* **COLLECTED MATERIAL**
..........

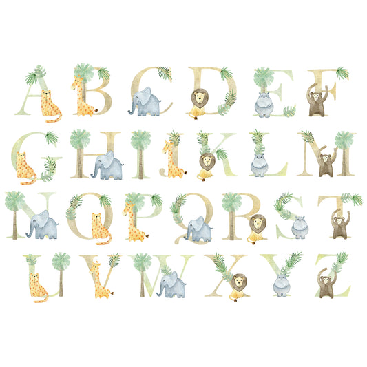 Watercolour Jungle Animal Wall Sticker - Animals on A-Z Letters Personalised Text Decal Wall Art
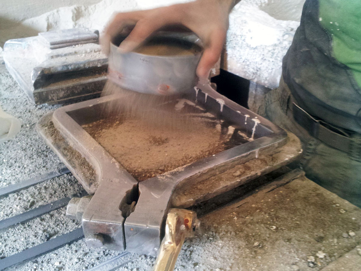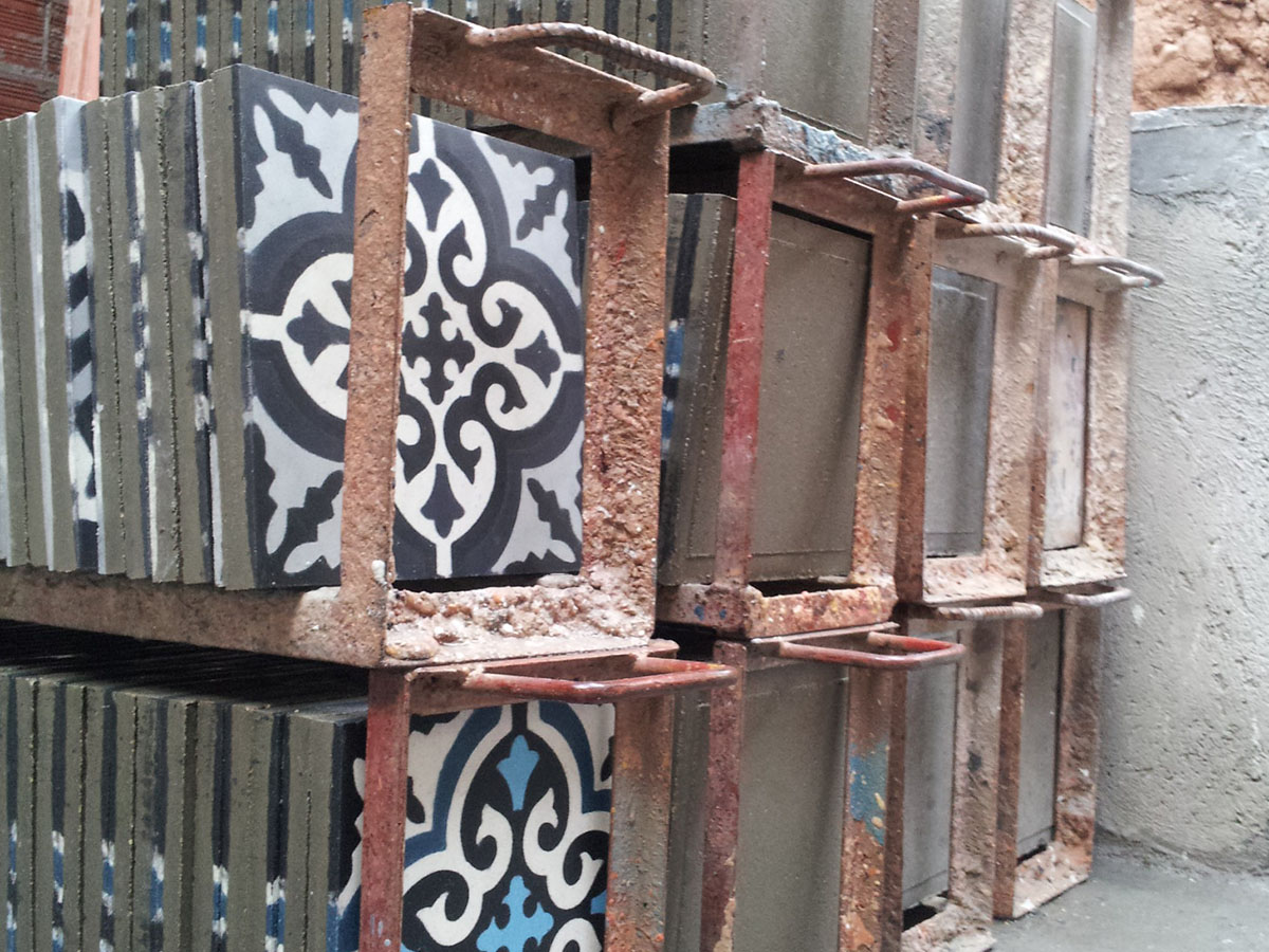 Do kovové formy se ručně vylévá cementová směs a následně pigmentované směsi do jednotlivých políček vybraného vzoru – tloušťka této vrstvy je cca 3 až 4 mm. Následuje podkladová vrstva, lisování hydraulickým lisem a několik týdnů zrání. Výsledkem je hutná, hladká dlaždice s barevnou vrstvou v celé ploše motivu.
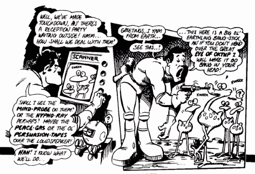 Fans of John’s work will be pleased to see that he is going to have his own strip in our sister magazine LM, in the form of Umquat The Alien — defender of freedom, seeker of truth and justice, President of the Galactic Tail Waggers Club, seeker of wisdom and cheapo souvenirs, prannie of the universe, gallumphing gourmet, and general mental incompetent. He’s also the owner of a clapped-out spaceship which keeps going ‘Phut’. Oh yes, he just happens to have a computer disguised as a rather curvaceous looking alien.

..........

* **WHAT NEEDS TO BE DONE**
Reproduce the entire listing exactly, except for any pictures it contains.

* **RESULT**
 Watercolour Jungle Animal Wall Sticker - Animals on A-Z Letters Personalised Text Decal Wall Art
 Do kovové formy se ručně vylévá cementová směs a následně pigmentované směsi do jednotlivých políček vybraného vzoru – tloušťka této vrstvy je cca 3 až 4 mm. Následuje podkladová vrstva, lisování hydraulickým lisem a několik týdnů zrání. Výsledkem je hutná, hladká dlaždice s barevnou vrstvou v celé ploše motivu.
 Fans of John’s work will be pleased to see that he is going to have his own strip in our sister magazine LM, in the form of Umquat The Alien — defender of freedom, seeker of truth and justice, President of the Galactic Tail Waggers Club, seeker of wisdom and cheapo souvenirs, prannie of the universe, gallumphing gourmet, and general mental incompetent. He’s also the owner of a clapped-out spaceship which keeps going ‘Phut’. Oh yes, he just happens to have a computer disguised as a rather curvaceous looking alien.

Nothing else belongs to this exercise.